Tuesday, June 16, 2009


Congresspeople take contributions from the health care/insurance industry, and they invest in the health industry, to an extent you wouldn’t believe

by Larry Geller

No wonder Sen. Max Baucus won’t put single-payer on the table. But read on, it’s not just Baucus.

Now, a new article in the Montana Standard finds Senator Baucus has received more campaign money from health and insurance industry interests than any other member of Congress. The article says, "In the past six years, nearly one-fourth of every dime raised by Baucus and his political-action committee has come from groups and individuals associated with drug companies, insurers, hospitals, medical-supply firms, health-service companies and other health professionals.” [Democracy Now, Report: Senator Max Baucus Received More Campaign Money from Health and Insurance Industry Interests than Any Other Member of Congress, 6/16/2009]

(You can read the transcript, view the video, or listen to the audio at the above link, or catch the program tonight on Oahu at 10 p.m. on channel 56.)

The data are compiled by the Center for Responsive Politics, a nonprofit group that tracks and sorts campaign donors by profession and industry. Here's a summary of what the State Bureau discovered:

From 2003 to 2008, the Baucus campaign and his Glacier PAC, which raises money and distributes it to other candidates, received 23 percent of their $14.8 million from health care and insurance interests.

The $3.4 million from these sectors includes $853,000 from pharmaceutical and health products, $851,000 from health professionals, $467,000 from hospitals and nursing homes, $466,000 from health service and HMO interests, and $784,000 from insurance.

The insurance sector money includes donations from all types of insurance company interests, including health insurance.

Five of the top 10 specific donor sources for Baucus were drug companies, health insurers or health-related firms. For example, employees of Schering-Plough Corp., a major drug firm, gave him $92,000 over the period, more than any other single source. [The Billings (Montana) Gazette, Insurance, health interests fill Baucus' coffers, 6/14/2009]

It’s not just Baucus. The article includes a table for several others.

Today’s Democracy Now included a segment in which Amy Goodman reviews not only campaign contributions, but investments held by individual congresspeople. It was shocking to hear. This is a snippet from the segment:

AMY GOODMAN: The Washington Post revealed almost thirty key lawmakers helping draft landmark healthcare legislation have financial holdings in the industry, totaling nearly $11 million worth of personal investments.

Senate Majority Leader Harry Reid has at least $50,000 invested in a healthcare index.

Republican Senator Judd Gregg, a senior member of the Health Committee, has up to $560,000 worth of stock holdings in major healthcare companies, including Bristol-Myers Squibb and Merck.

The family of Democratic Congresswoman Jane Harman held at least $3.2 million in more than twenty healthcare companies at the end of last year.

Senator Kerry, John Kerry, and his wife Teresa Heinz Kerry hold at least $5.2 million in companies such as Merck and Eli Lilly.
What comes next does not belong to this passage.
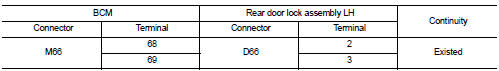 2. Check continuity between BCM harness connector and rear door lock assembly LH harness connecto
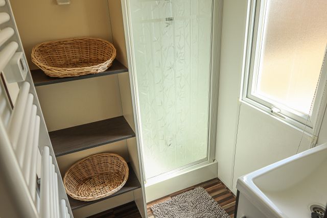 - Une salle d'eau avec cabine de douche, évier, sèche serviette et rangements.

The Senate Health, Education, Labor and Pensions Committee plans to hold a key hearing today to discuss healthcare reform. On that twenty-two-member panel, at least eight Senators have financial interests in the healthcare industry. The hearings will be held by Democratic Senator Chris Dodd, whose wife serves on the boards of four healthcare companies. She received more than $200,000 in salary and stock from her service last year.

And Republican Senator Johnny Isakson holds at least $165,000 in pharmaceutical and medical stocks.

Democratic Senator Kay Hagan holds at least $180,000 in investments in more than twenty healthcare companies.

Are these folks going to screw themselves financially by hurting medical, insurance or pharmaceutical companies?

So if we didn’t know before, now we know the extent of corruption in our democratic process. If we don’t get affordable healthcare for everyone, it will simply be because politicians are behaving as we expect them to, given their financial interests.

How to change it? First thing, look in the mirror. Seriously.

"A society of sheep must in time beget a government of wolves."